DongKook Pharmaceutical's upcoming dividend is ₩160 a share, following on from the last 12 months, when the company distributed a total of ₩160 per share to shareholders. Last year's total dividend payments show that DongKook Pharmaceutical has a trailing yield of 0.6% on the current share price of ₩28950. We love seeing companies pay a dividend, but it's also important to be sure that laying the golden eggs isn't going to kill our golden goose! That's why we should always check whether the dividend payments appear sustainable, and if the company is growing.

View our latest analysis for DongKook Pharmaceutical

Dividends are typically paid from company earnings. If a company pays more in dividends than it earned in profit, then the dividend could be unsustainable. DongKook Pharmaceutical paid out just 11% of its profit last year, which we think is conservatively low and leaves plenty of margin for unexpected circumstances. That said, even highly profitable companies sometimes might not generate enough cash to pay the dividend, which is why we should always check if the dividend is covered by cash flow. It distributed 36% of its free cash flow as dividends, a comfortable payout level for most companies.

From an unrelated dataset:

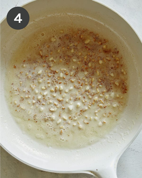 Trong lúc sườn nghỉ, làm sạch chảo, cho bơ vào đun chảy, thêm tỏi băm còn lại vào xào thơm.

It's positive to see that DongKook Pharmaceutical's dividend is covered by both profits and cash flow, since this is generally a sign that the dividend is sustainable, and a lower payout ratio usually suggests a greater margin of safety before the dividend gets cut.

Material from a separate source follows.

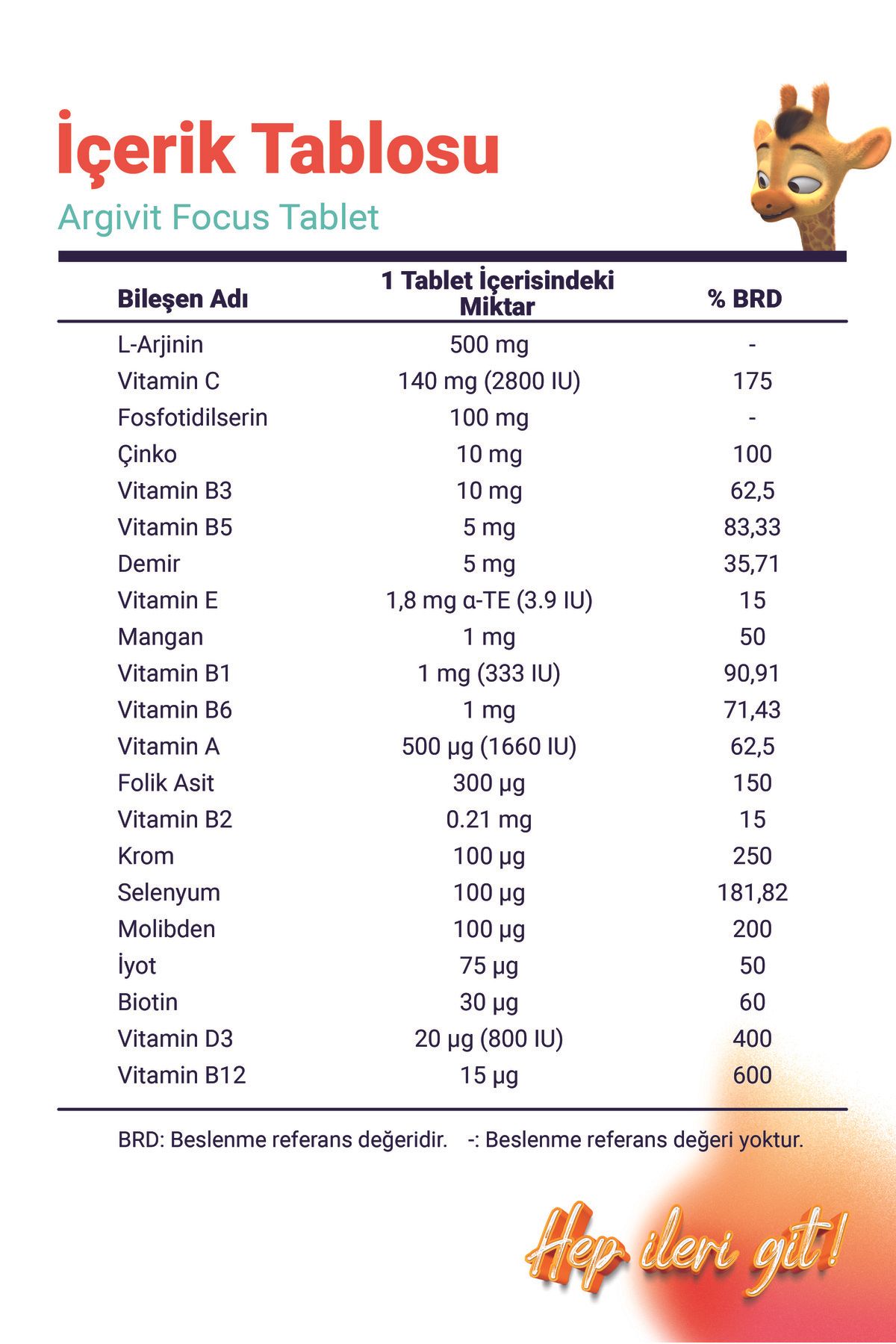 Argivit Focus Fosfatidilserin, L-Arjinin, Multivitamin ve Multimineral Tablet 30 Adet ;Gluten İçermez ; Helal Ürün Sertifikalı ; Vegan Sertifikalı ; İçindekiler : Multivitamin, Multimineral, L-Arjinin, Vitamin C, Fosfoditilserin, Vitamin B3, Çinko, Vitamin B5, Vitamin B1 (Tiamin), Vitamin B2, Vitamin E, Manganez, Vitamin B6, Vitamin A, Folik asit, İyot, Krom, Selenyum, Molibden, Biyotin, Vitamin D, Vitamin B12 (Metilkobalamin) ; Tavsiye Edilen Günlük Alım Dozu : 11 yaş ve üzeri yetişkinlerin günde 1 defa 1 tablet, tercihen tok karnına kullanması tavsiye edilir.; ; Kullanıcı Grubu : 11 yaş ve üzeri yetişkinlerin kullanması tavsiye edilir.; ; Uyarılar: Hamilelik veya emzirme döneminde doktorunuza danışarak kullanınız.; Takviye edici gıdalar normal beslenmenin yerine geçemez.; Çocukların ulaşamayacağı yerde saklayınız.; ; Tavsiye Edilen Tüketim Tarihi (TETT) ve Parti No ambalajın üzerinde yer almaktadır.; İlaç değildir.; Hastalıkların önlenmesi veya tedavi edilmesi amacıyla kullanılmaz.; ; Muhafaza Koşulları: Ürün orijinal ambalajında 25°C’nin altında kuru bir yerde saklanmalıdır.; Açıldıktan sonra altı ay içerisinde tüketilmesi önerilmektedir.

Click here to see the company's payout ratio, plus analyst estimates of its future dividends.

historic-dividend
KOSDAQ:A086450 Historic Dividend December 25th 2020

Have Earnings And Dividends Been Growing?

Businesses with strong growth prospects usually make the best dividend payers, because it's easier to grow dividends when earnings per share are improving. If earnings fall far enough, the company could be forced to cut its dividend. That's why it's comforting to see DongKook Pharmaceutical's earnings have been skyrocketing, up 25% per annum for the past five years. Earnings per share have been growing very quickly, and the company is paying out a relatively low percentage of its profit and cash flow. This is a very favourable combination that can often lead to the dividend multiplying over the long term, if earnings grow and the company pays out a higher percentage of its earnings.

Many investors will assess a company's dividend performance by evaluating how much the dividend payments have changed over time. In the past 10 years, DongKook Pharmaceutical has increased its dividend at approximately 10% a year on average. It's great to see earnings per share growing rapidly over several years, and dividends per share growing right along with it.

To Sum It Up

Is DongKook Pharmaceutical worth buying for its dividend? We love that DongKook Pharmaceutical is growing earnings per share while simultaneously paying out a low percentage of both its earnings and cash flow. These characteristics suggest the company is reinvesting in growing its business, while the conservative payout ratio also implies a reduced risk of the dividend being cut in the future. Overall we think this is an attractive combination and worthy of further research.

Wondering what the future holds for DongKook Pharmaceutical? See what the two analysts we track are forecasting, with this visualisation of its historical and future estimated earnings and cash flow

A common investment mistake is buying the first interesting stock you see. Here you can find a list of promising dividend stocks with a greater than 2% yield and an upcoming dividend.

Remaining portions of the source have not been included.